Lumière Turquoise est la publication bimestrielle du SER d'Ankara

L’activité économique connait en Turquie un redressement soutenu (p. 2 & 10), porté par le rebond de la production et de la consommation interne. Mais les politiques de relance mises en oeuvre ont aggravé les fragilités traditionnelles de l’économie turque (p. 3). Le creusement du déficit de la balance des paiements et l’accélération de l’inflation des prix à la production ont ainsi poussé l’Exécutif à diminuer les stimuli des politiques publiques et à resserrer progressivement les conditions de la politique monétaire (pour la première fois depuis le 18 décembre 2019, le taux d’intérêt réel est redevenu positif). Cependant, les vives tensions géopolitiques avec l’Union européenne (qui se sont notamment traduites par le report du comité conjoint sur l’Union douanière à après le Conseil européen de décembre, lequel donnera le « la » sur la relation bilatérale pour les prochains mois), l’approche des élections aux États-Unis qui ravive le spectre des sanctions (p. 7) ainsi que le reconfinement de l’Europe, principal partenaire commercial de la Turquie, alimentent les pressions à la baisse sur la devise turque.
 
L’appel au boycott des marques françaises, bien que largement reprise par les médias locaux, n’a qu’un impact très limité à ce stade.

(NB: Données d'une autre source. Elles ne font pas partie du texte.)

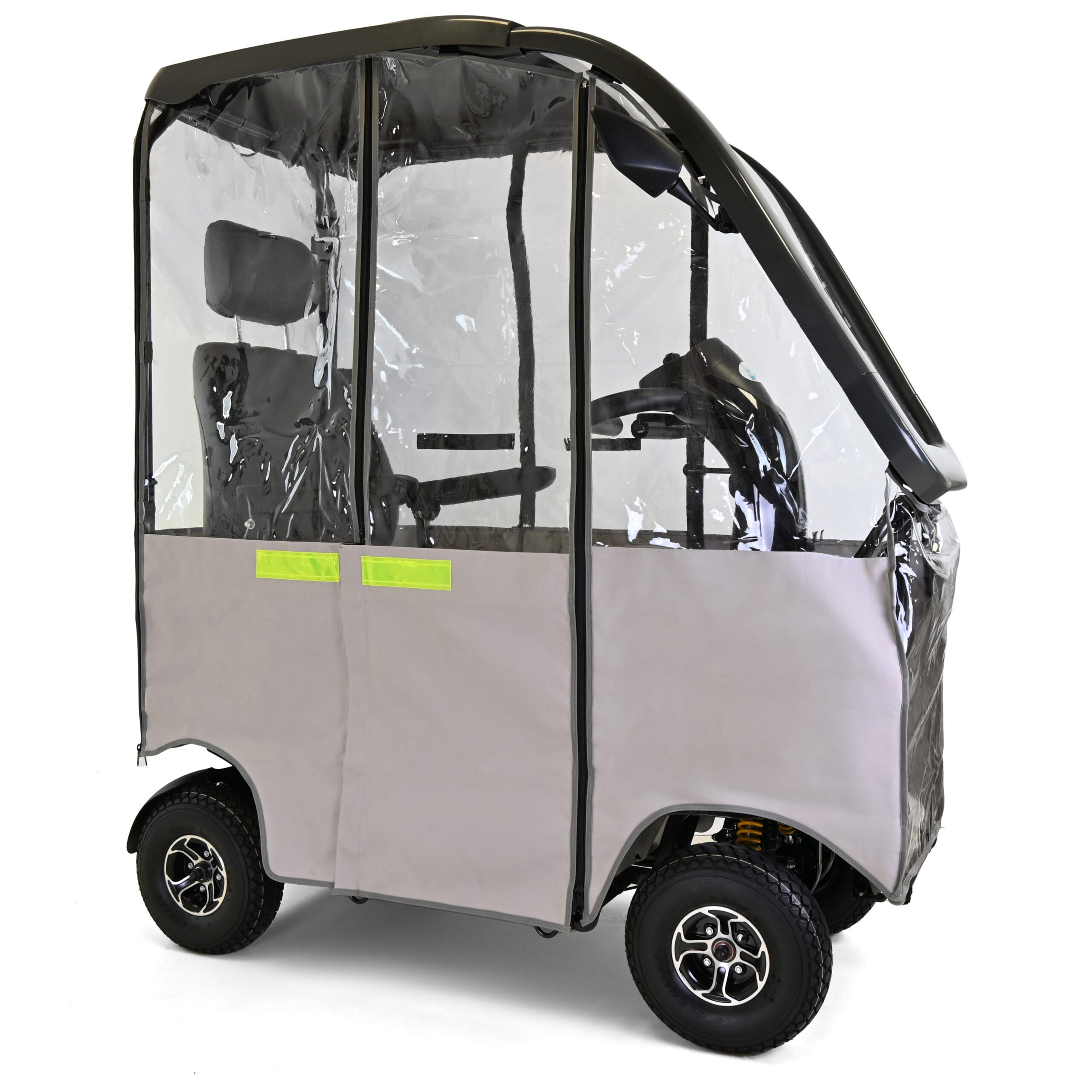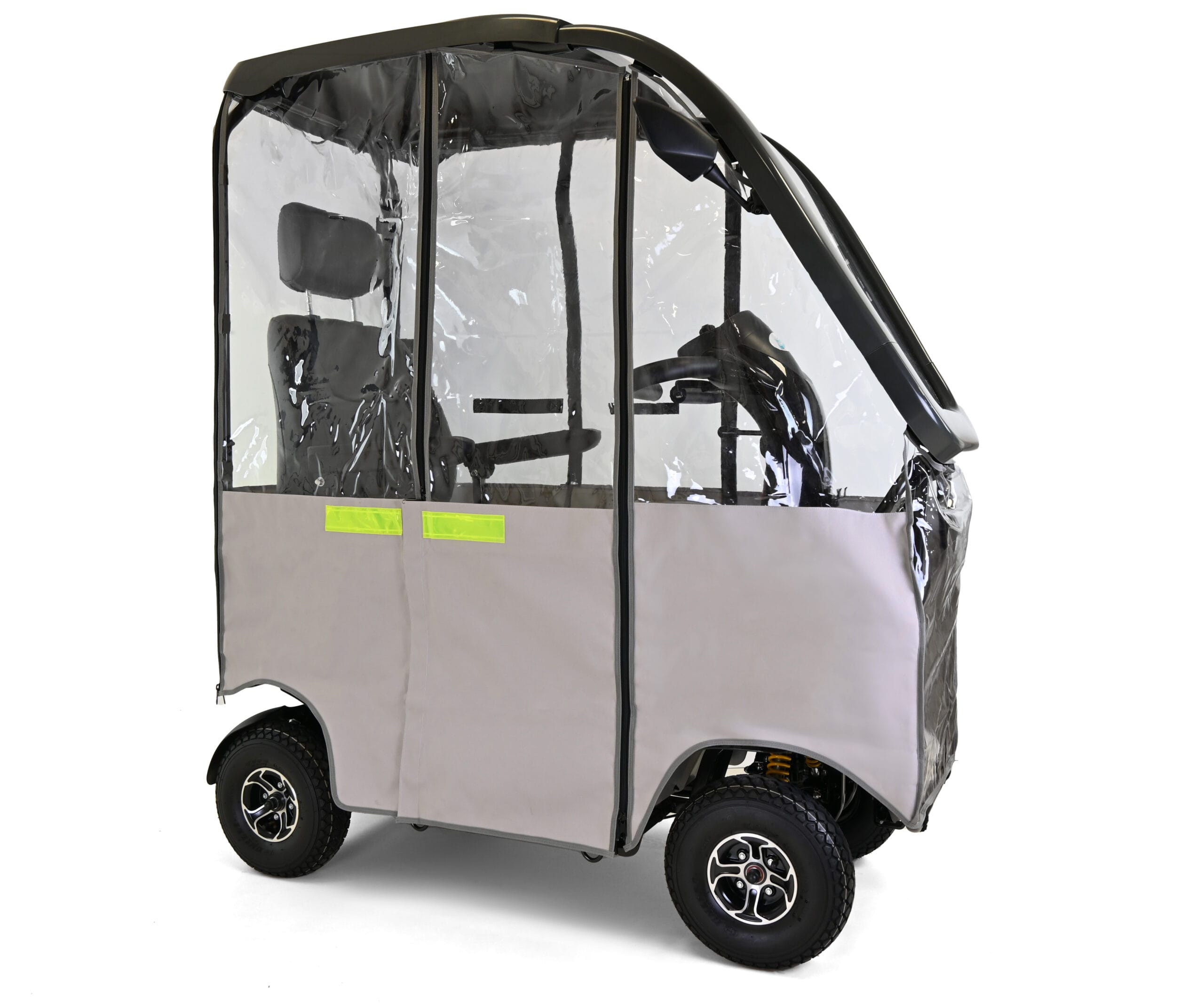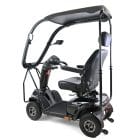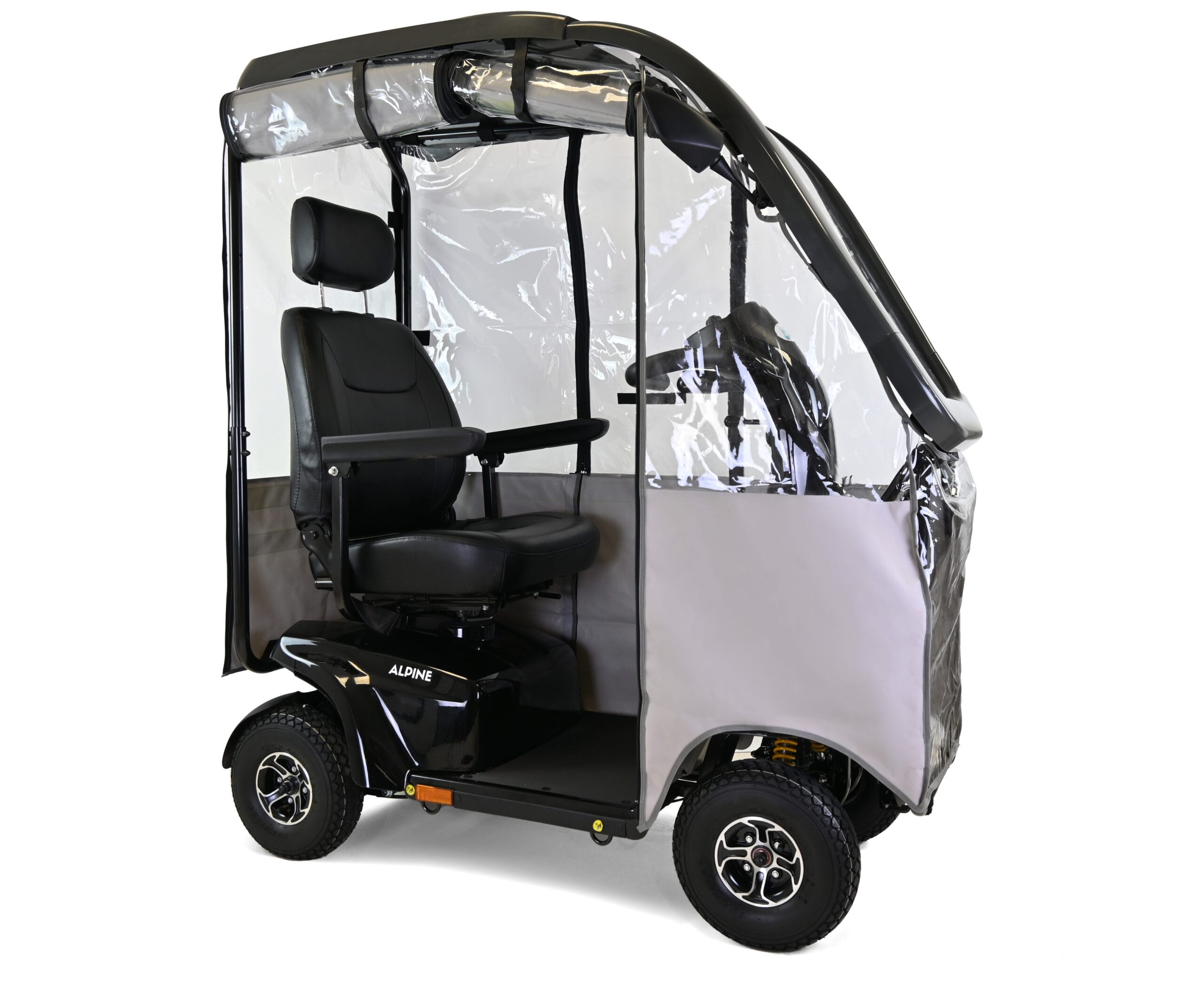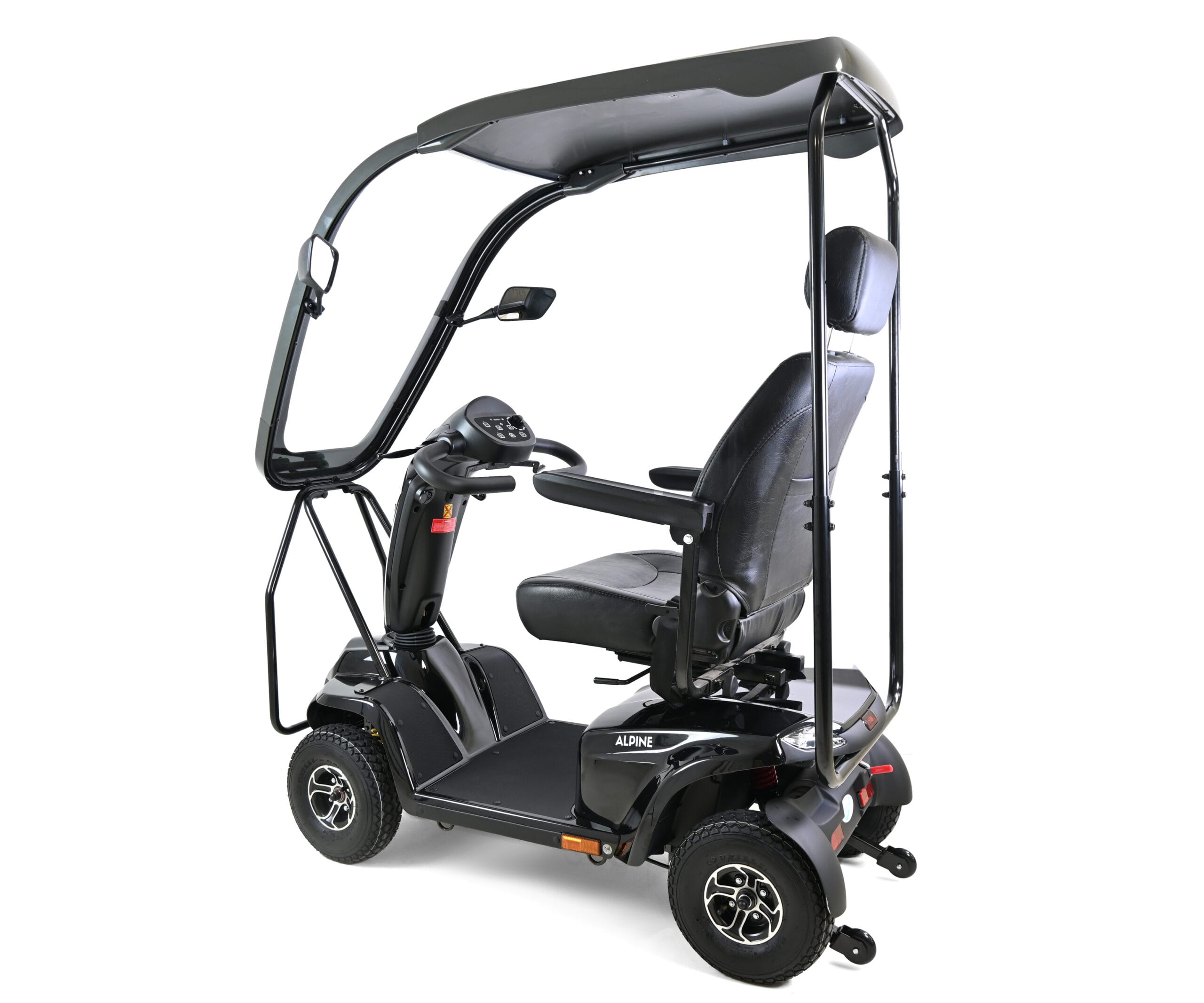The Alpine has been designed and built for luxury travelling with its robust ‘All Weather’ Solid Canopy that allows you to travel in comfort and style come ‘rain or shine’! The large capacity 75Ah batteries ensures complete peace of mind for those long journeys and the powerful motor and drive system makes light-work of steep hills while the unique ‘safety cornering’ system automatically slows the scooter when cornering ensuring not only a very comfortable rider but a safe one to! With the large 13″ tyres and the all-round suspension, the Alpine can clear high ground and travel over rough terrain offering you more flexibility in where you travel. A fully adjustable Captain seat gives a large spacious seating and driving position and ensures exceptional amounts of comfort, perfect for all users. Thanks to the gas-assisted tiller, adjusting the driving controls is simple. With its fully road compliant LED lighting kit, you will feel equally at home in the high street and at shopping centres than you will out in the countryside traversing parkland and beaches. Small in size but enormous in capabilities; the Alpine is the first choice mobility scooter for the users of today.

Si ses effets potentiels dépendront de la durée de la campagne, plusieurs facteurs jouent leur rôle d’amortisseur : (1) le positionnement de l’offre française en Turquie, très orientée sur du BtoB, (2) les modes de présence française en Turquie qui s’appuient sur des partenariats solides, (3) la très faible élasticité de la demande pour de nombreuses marques françaises ou (4) la faible appropriation de cette campagne par les ménages, dont la principale préoccupation reste la baisse de leur pouvoir d’achat. Par ailleurs, la grande majorité du monde des affaires turc appelle à la modération en soulignant qu’une telle initiative va à l’encontre des intérêts économiques et commerciaux des deux pays et en mettant en avant l’importance de la contribution des entreprises françaises à l’économie turque (emploi, export, recherche et développement, etc.).
 
L’épisode de tensions entre la France et la Turquie ainsi que la crise sanitaire ont, ce qui au premier regard pourrait paraître paradoxal, contribué à l’intensification du dialogue entre les communautés d’affaires françaises et turques dont les regards sont tournés vers « l’après-crise ». Elles n’ont pas eu, non plus, d’impact négatif sur la coopération institutionnelle qui se poursuit (de manière virtuelle).
 
En Géorgie (p.9), l’ampleur de la contestation au lendemain des élections législatives est encore difficile à mesurer (un second tour aura lieu le 21 novembre). Pour autant, la situation ne suscite que peu d'inquiétudes dans les milieux économiques qui n’attendent pas de changement radical de politique économique ni d'orientation diplomatique, quel que soit le résultat définitif.
 
Enfin, le conflit dans le Haut-Karabakh, qui mobilise toute l’attention du gouvernement azerbaidjanais, pourrait dégrader encore davantage une conjoncture déjà très marquée par la pandémie de Covid, notamment en accentuant la baisse de la consommation et des investissements.